I have said that it is extremely difficult to imagine a state of society in which there shall be no public operation of any one of these forces. I am disposed to say it is impossible, but for scientific purposes prefer to put simply the difficulties of the conception. A cessation of war is not only easily conceivable, but likely; but a cessation of strife of aspiration would mean a state of biological equilibrium throughout the civilised world. Now, pure equilibrium is by general consent a state only momentarily possible; and the state of dissolution of unions, were that to follow, would involve strife of opinion at least up to a certain point. But just as evolution is now visibly towards an abandonment of brute strife among societies, so may it be reasonably expected that the strife of ideals and doctrines within societies, though now perhaps emotionally intense in proportion to the limitation of brute warfare, will gradually be freed of malevolent passion as organisms refine further. Passion, in any case, has hitherto been at once motive-power and hindrance—the omnipresent force, since all ideas have their correlative emotion. A perception of this has led to some needless dispute over what is called the "economic theory" of history; critics insisting that men are ruled by non-economic as well as economic motives.[155] The solution is perfectly simple. Men are proximately ruled by their passions or emotions; and the supremacy of the economic factor consists in its being, for the majority, the most permanent director or stimulant of feeling. Therefore, the great social rectification, if it ever come, must needs be economic.

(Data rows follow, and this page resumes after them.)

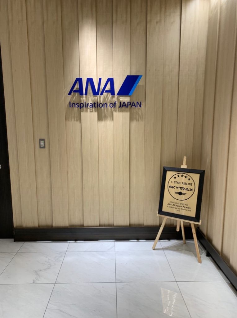 すると木の壁を背景としたANAのロゴが目に入ります!この木はANAラウンジの内装にも使われており、無機質でなく明るく温かみのある空間を演出しています。
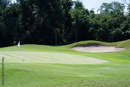 © Marco B., Fototapeta premium Panoramic view of a golf course with greens and sand bunkers surrounded by tropical plants in Mexico
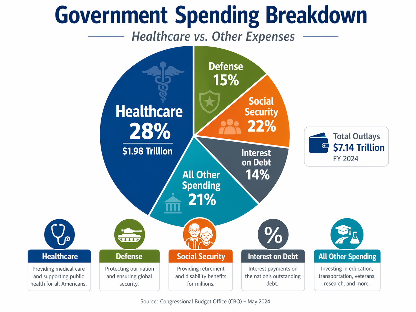 The overall government budget in this pie chart shows just how large healthcare has become within the federal fiscal picture. In FY2025, total federal outlays were about $7.01 trillion, and Health plus Medicare accounted for roughly $1.98 trillion, or about 28% of all federal spending. That puts healthcare in the same tier as the government’s other biggest obligations, including Social Security, net interest on the debt, and national defense. The challenge is straightforward but profound: when one category consumes more than a quarter of total federal spending, even modest cost growth can place enormous pressure on taxpayers, deficits, and the government’s ability to fund other priorities.
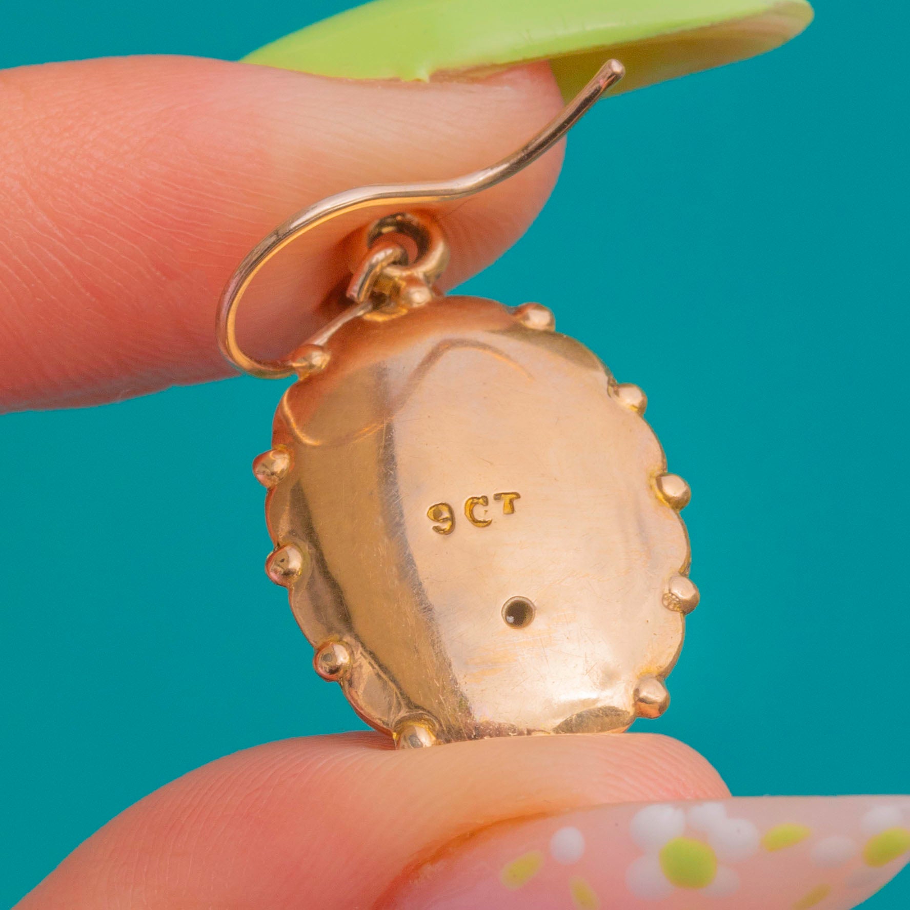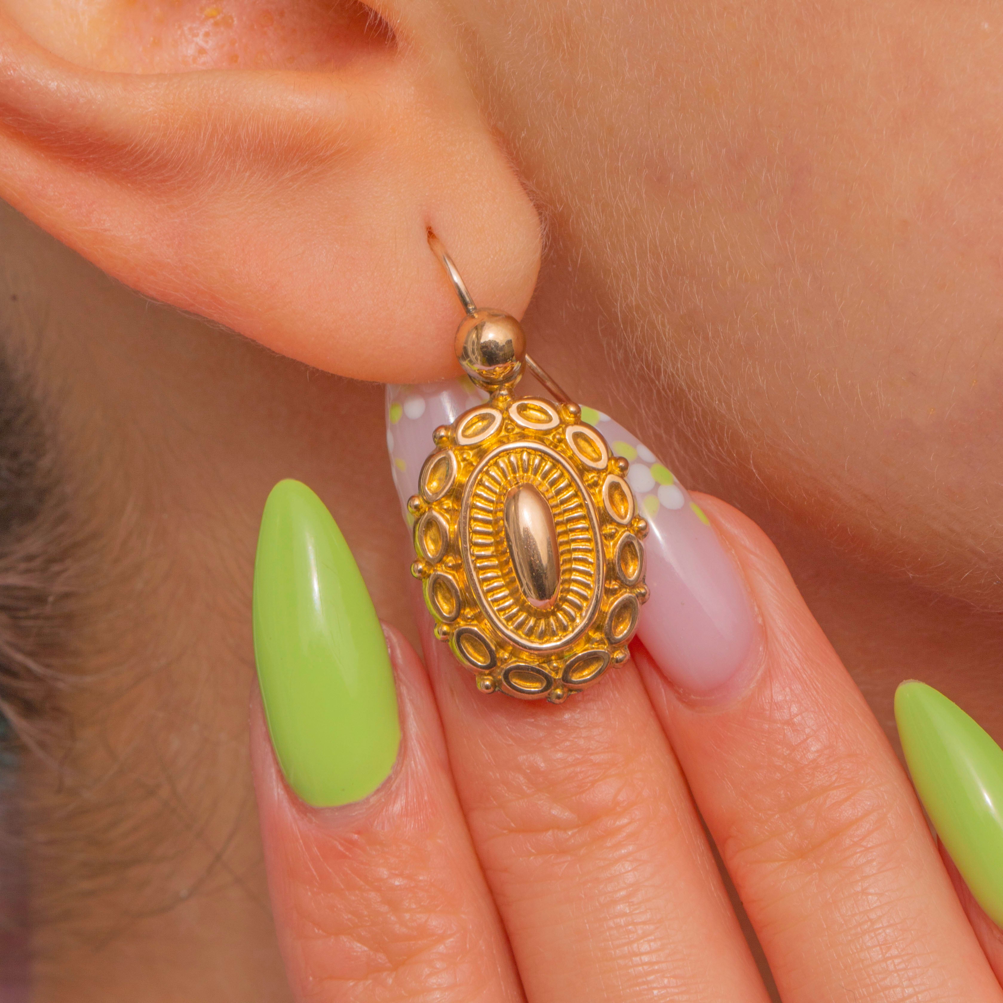 Ornate and effortlessly wearable, these Antique 9ct Gold drop earrings capture the romance of the Victorian era. Each medallion is richly detailed with a domed central oval, radiating sunburst ribbing and a border of tiny beaded accents, creating a beautiful play of light across the softly contoured surfaces.
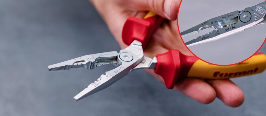 Los alicates para instalaciones eléctricas FORMAT cortan cables de cobre y aluminio con gran facilidad y precisión. Los filos de corte son cortantes, es decir, no hacen tope entre sí, sino que funcionan como los filos de corte de unas tijeras. Ventaja: los extremos de los cables no se aplastan y, por tanto, se procesan de forma mucho más limpia.
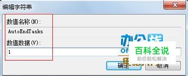 找到AutoEndTasks一项,双击,将其数据值修改为1.
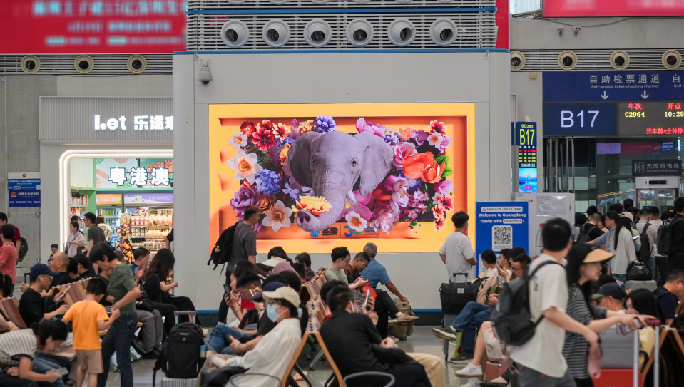 不同于商圈的“巨幕奇觀”,高鐵場景下則更加注重“即時互動效果”與沉浸式觀感體驗。通過兆訊高清刷屏媒體,憨態可掬的小象擷花贈予往來旅客,“人與自然”間溫馨和諧的一幕自然融入高鐵場景,引領旅客邂逅時空奇遇,打造出與巨幕LED截然不同的近距離互動體驗和人屏互動性。

Certainly, on the principle laid down, there is a likelihood that strife of ideals and doctrines may be for a time intensified by the very process of social reform, should that go to lessen the stress of the industrial struggle for existence. It is easy to see that England has in the past hundred and twenty years escaped the stress of domestic strife which in France wrought successive revolutions, not so much by any virtue in its partially democratic constitution as by the fact that on the one hand a war was begun with France by the English ruling classes at an early stage of the first revolution, and that on the other hand the animal energies of the middle and lower classes were on the whole freer than those of the French to run in the channels of industrial competition. People peacefully fighting each other daily in trade, not to speak of sports, were thereby partly safeguarded from carrying the instincts of attraction and repulsion in politics to the length of insurrection and civil war. When the strife of trade became congested, the spirit of political strife, fed by hunger, broke out afresh, to be again eased off when the country had an exciting foreign war on hand. So obvious is this that it may be the last card of Conservatism to play off the war spirit against the reform spirit, as was done with some temporary success in England by Beaconsfield, and as is latterly being done by his successors.[156] The climaxing movement of political rationalism is evidently dependent on the limitation of the field of industrial growth and the absence of brute warfare. And if, as seems conceivable, political rationalism attains to a scientific provision for the well-being of the mass of the people, we shall have attained a condition in which the forces of attraction and repulsion, no longer flowing freely in the old social channels, may be expected to dig new ones or deepen those lately formed. The future channels, generally speaking, would tend to lie in the regions of political, ethical, and religious opinion; and the partial disuse of any one of these will tend to bring about the deepening of the others.